I think there’s more pressure now for more transparency, what’s in the products. The regulatory aspect obviously is forcing some people to do it. I think that people are more into technology, more into cutting equipment. The employees are changing; after the recession a lot of people got out of the furniture industry because a lot of the manufacturing went to China. Now it’s coming back to the United States.
I think we’re being forced to put more technology on the manufacturing side; that’s just what I’m seeing in the industry. Now it’s harder to get experienced people, and technology is becoming a bigger part of the manufacturing process. As far as the retail side, there are a lot of big players coming along; there’s a lot of consolidation in the industry. Those are some of the things I see.
HFB: American Leather has an extremely loyal dealer base. How will your company assist them with the consolidation trend for smaller retailers?
Veronica: What we’re doing is continuing to learn. What we’re trying to do is help them make sure that we continue to have amazing products, quality, and delivery, and keep working with them on how we market the product, how we make people aware of how to buy there, why local, why American Leather, why the store.
Every dealer is different, and it’s not like there’s one magic bullet that fits all. Our job is being out there, learning, listening to what they’re saying, listening to what they need, reacting, so it’s a win-win formula.
I think there’s still going to be room for big and small, because people buy differently. The big chain stores are for some people, and some people, they hate it. Variety. I think that the biggest thing with the small stores is making sure that they can execute, making sure they can deliver, making sure they can pay the bills.
We always say that we do more dollars per square foot than anybody else, so if they don’t have to have any inventory because we ship fast, it can be more efficient, and they can get more money for other stuff, so that’s our job.
HFB: Is direct-to-consumer via ecommerce or American Leather stores a consideration to contend with a lack of retail partners in the upper/premium price points in all markets?
Veronica: We are continuing to learn how the landscape is changing. We don’t know where things are going to go, but we are going out there, learning, listening, experimenting, moving with the times. We have loyal customers and we want them to be part of that.
HFB: What opportunities for growth do you see for retailers?
Veronica: I think there’s a lot of opportunity. I think a lot of people want to buy online, but they still want the touch, the feel, of a store. I think the opportunity is, how do we make brick-and-mortar work with the digital world. Both are needed.
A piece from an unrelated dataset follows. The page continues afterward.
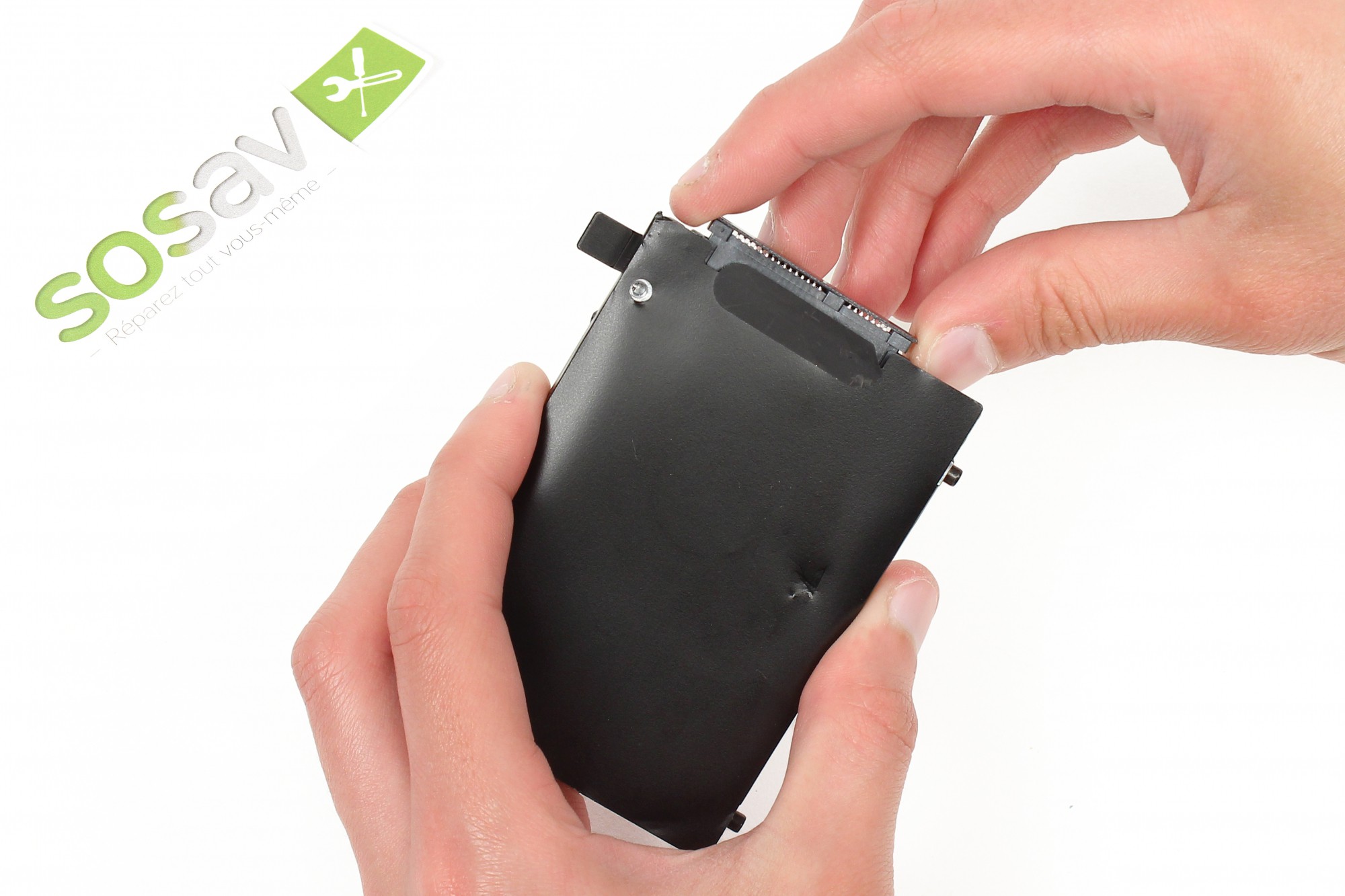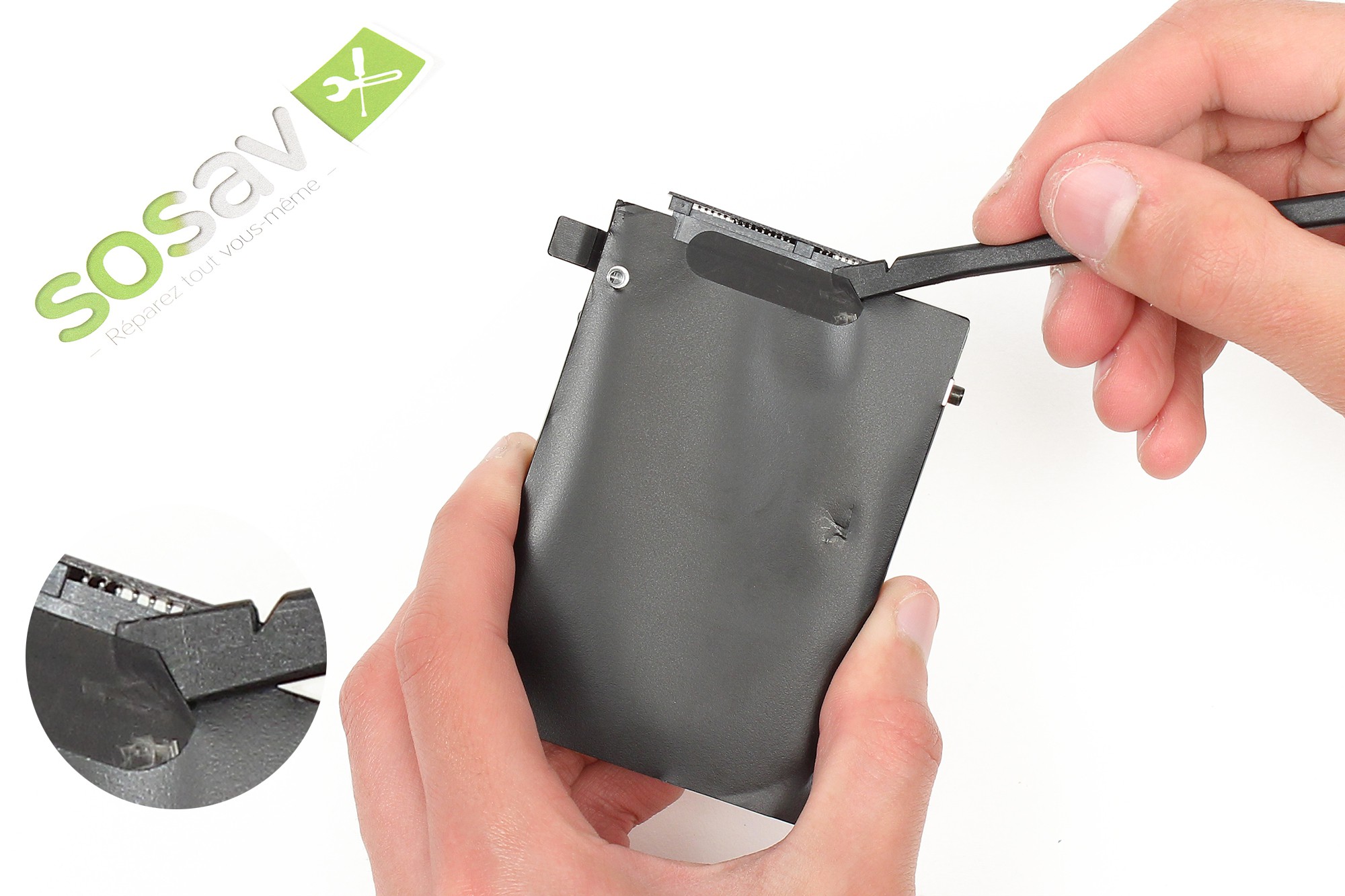 Toujours avec cette spatule en nylon, décollez le petit adhesif noir localisé sous le disque dur et collé sur une partie du connecteur de données et d'alimentation.

I think the opportunities are to make the process where there’s less friction for the end consumer, where they want to go in the store, spend time in the environment at retail stores. Make it easier for the end consumer to have a reason to go to the store. Those are things that you cannot get online—they cannot give you the touch, the feel of it, the comfort of it. The personalization of it is not as easy online.
HFB: Production innovation requires investment in an industry known for knock-offs. Why the American Leather commitment?
Veronica: For us, it’s like “why not?”—the opposite. For us, innovation is what’s going to separate us, what is going to differentiate us from the competition. Innovation is part of the core of this company; it’s the DNA of the company. Speed, innovation, quality, and people—those are the four pillars to us.
Why the commitment? We don’t want to be like anybody else. We want to keep separating ourselves, so we keep giving our customers an advantage.
If we’re like everybody else, it’s just a question of price, and it’s not just about price—consumers want value, they want something different, they want special. That’s what innovation can provide.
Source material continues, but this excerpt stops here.